Hosch fondly recalls going to dances on campus, where the men wore jackets and ties and the women were in modest floor length dresses. She attended games to cheer on the Rutgers football team, although she doesn’t remember if she was in some of the first crowds at the original Rutgers Stadium – completed in 1938 as a federal Works Projects Administration project.
“It’s so long ago it’s hard to recall,’’ Hosch said. “A lot of memories have piled up since then.’’
But she remembers the cost of tuition – $250 a semester – and the name of her college roommate, Renee Cohen, who she briefly reconnected with a few years ago.
After graduation, Hosch went on to work for the Asbury Park Housing Authority, where she helped build affordable housing in the city. She married Ira J. Hosch, an officer in the U.S. Army, before he was deployed to Europe and Africa during World War II. The couple had two children after he returned.

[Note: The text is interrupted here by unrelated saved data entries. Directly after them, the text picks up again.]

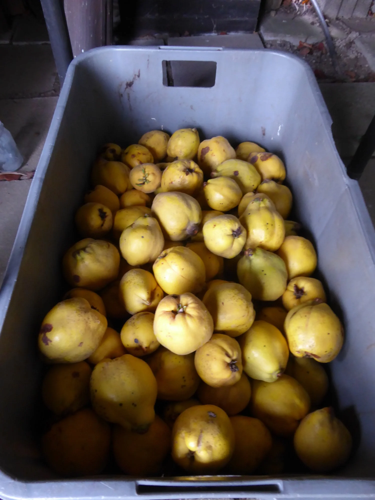 • Als ich letzten Samstag in den oberen Garten kam und um die Hüttenecke bog, duftete es nach Quitte und ein Teil der bisherigen Ernte stand da.
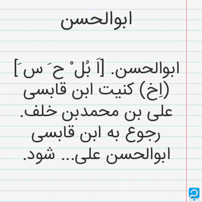 ابوالحسن. [اَ بُل ْ ح َ س َ] (اِخ) کنیت ابن قابسی علی بن محمدبن خلف. رجوع به ابن قابسی ابوالحسن علی... شود.
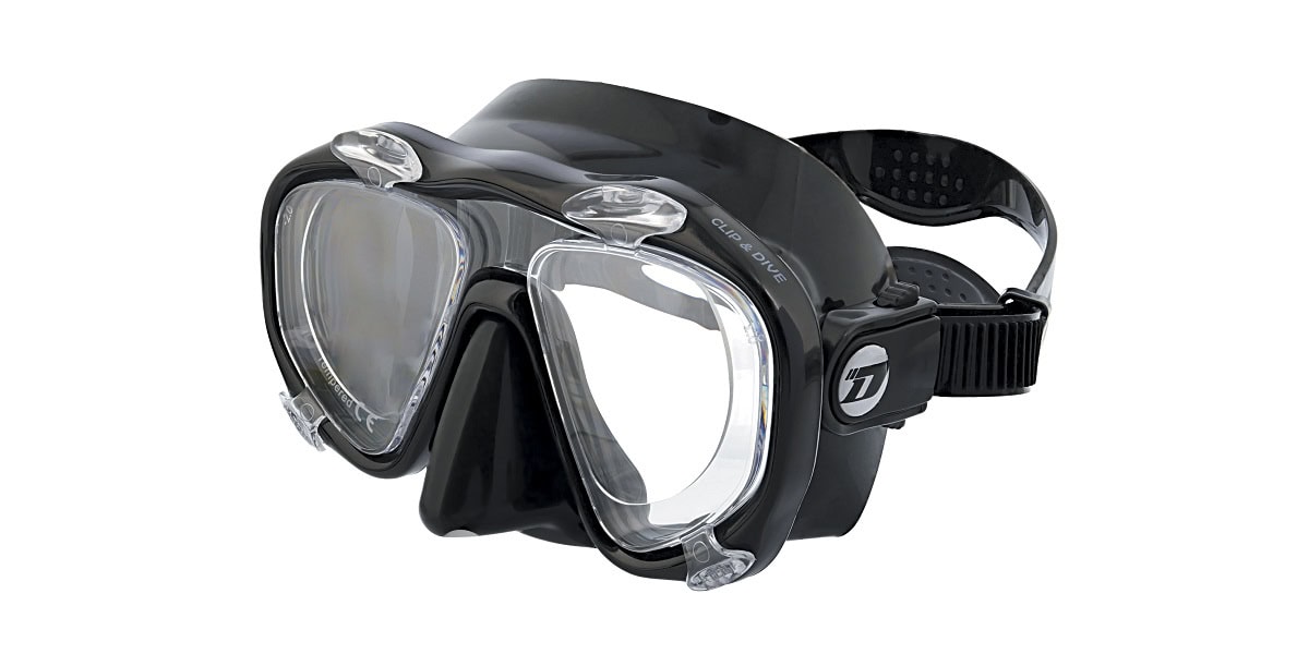 Le masque Clip & Dive de l’opticien Demetz est un masque polyvalent offrant un large champ de vision. Il est disponible en silicone noir ou transparent et a été conçu pour recevoir les clips optiques qui se montent et se démontent directement et aisément sur la face du masque. Ces clips sont parfaitement fixés et disponibles pour les myopes (- 2,00 à – 6,00) et les presbytes (+ 1,5 à + 3,00). Gros avantage : ils peuvent être différents sur chaque œil pour une correction optimale.

They moved to Fort Meyers, Florida in 1973, where Hosch worked as executive director of the United Way of Lee County.
Eighty years after her graduation, Hosch sees many differences between then and now, but the change that strikes her the most is the technology students have at their disposal. When she was a student everything was written by hand; she didn’t even have access to a typewriter. She believes that in the not-so-distant future the art of writing handwritten notes will become obsolete.

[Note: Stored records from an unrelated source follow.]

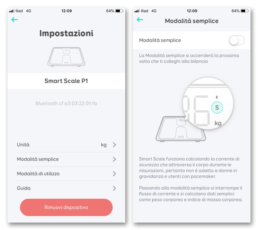 Grazie ad un pulsante posto sul retro è possibile passare dalla lettura in libbre a quella in chilogrammi, rendendola così configurabile ed utilizzabile anche senza abbinarla ad uno smartphone.
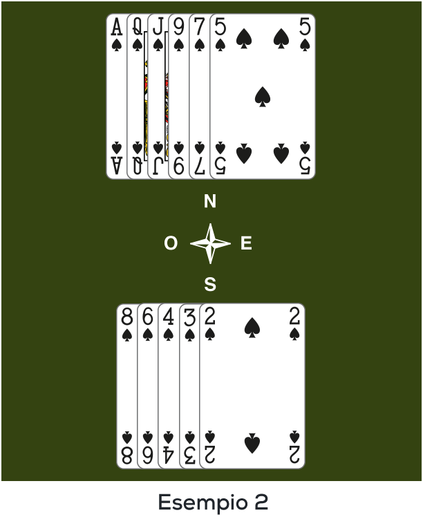 Nel secondo esempio, hai 11 carte nel colore, che significa che gli avversari ne hanno solo 2. Gioca come se il colore fosse diviso equamente tra gli avversari e batti l'onore di testa (con solo 10 carte sulla tua linea, avresti dovuto invece sorpassare il Re).
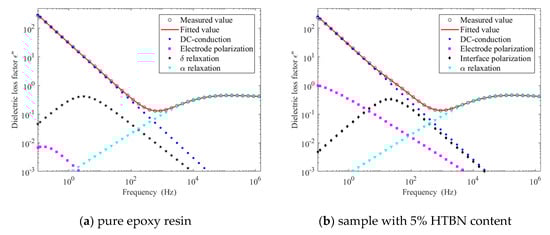 The HN-equation fitting results of ε″ at 90 °C are demonstrated in Figure 9. The relaxation peak of the pure epoxy resin appears at low frequency, which has been found in other studies []. This is caused by the hopping of mobile ion. On the one hand, the hopping of ion forms dipoles and establishes polarization, as in Figure 9a, which is also called thermionic polarization (δ relaxation) [,]. On the other hand, the directional migration of ions can form conduction current [,]. However, the sample with 5% HTBN content shows a distinct process in Figure 9b. Therefore, the addition of HTBN may change the hopping behaviour.

“I wrote a letter to my great-granddaughter when she was born eight years ago, and I said, ‘The reason I am writing you is I want you to see what handwriting looked like in the old days,’’ Hosch said.

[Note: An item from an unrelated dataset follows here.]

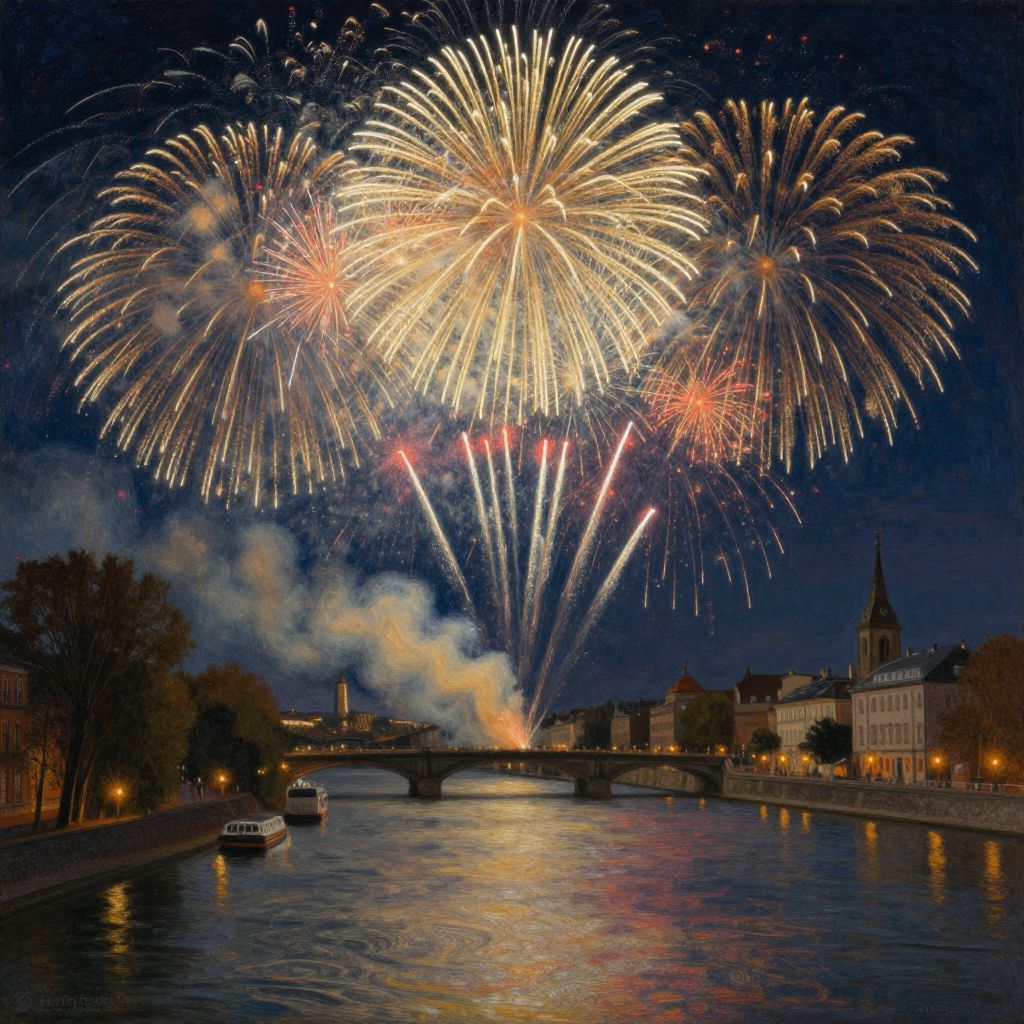 Photograph of a vibrant fireworks display over a river at night. Bright, colorful fireworks burst in the dark sky, casting reflections on the water below. A bridge spans the river, with buildings and a church spire visible on both sides. Smoke trails from some fireworks, adding a smoky texture. Boats are anchored on the left side of the river, and trees are silhouetted against the night sky. The scene is illuminated by the fireworks' glow, highlighting the celebration. The overall atmosphere is festive and lively.

In comparison to Hosch, John Archibald, who will turn 97 in July, might seem young. But his memories of his times at Rutgers – from marching with a rifle at Neilson field as a member of the ROTC to shooting a pistol in the range in the basement of the College Avenue Gym to his recollection of how segregation created roadblocks and hardship in the lives of people he knew – bring to light some of the significant chapters in history.
Archibald, Class of 1943, grew up in Middlebush, a small village that is part of Franklin Township, a few miles from campus. His father was a professor at the university and friends with Rutgers’ celebrated alumnus Paul Robeson. Archibald recalls going to see Robeson perform at the College Avenue Gym and talking with his father about the barriers Robeson faced because of segregation, which was legal at the time.
“My father was horrified Paul Robeson couldn’t travel with the glee club, stay in hotels or eat in restaurants when they were on the road,’’ Archibald said. “My father had great compassion for him. He always understood how Paul was disillusioned in a way with the life that he was dealt.’’
Archibald started at Rutgers in 1939 and was drafted two years later after the attack on Pearl Harbor. He entered an accelerated track, an option created to allow students to complete their degrees quickly and enter the military.
“Roosevelt was such an inspiring leader and we were ready to go,’’ Archibald remembers. “There was no reluctance. It was in our DNA.’’
The current class of Rutgers students might be surprised that Hosch doesn’t have any words of wisdom to share with them as she approaches her 100th birthday. But that is because she believes they are on the right track.
“I think young people today are doing very well,’’ she said. “They seem to be thriving.”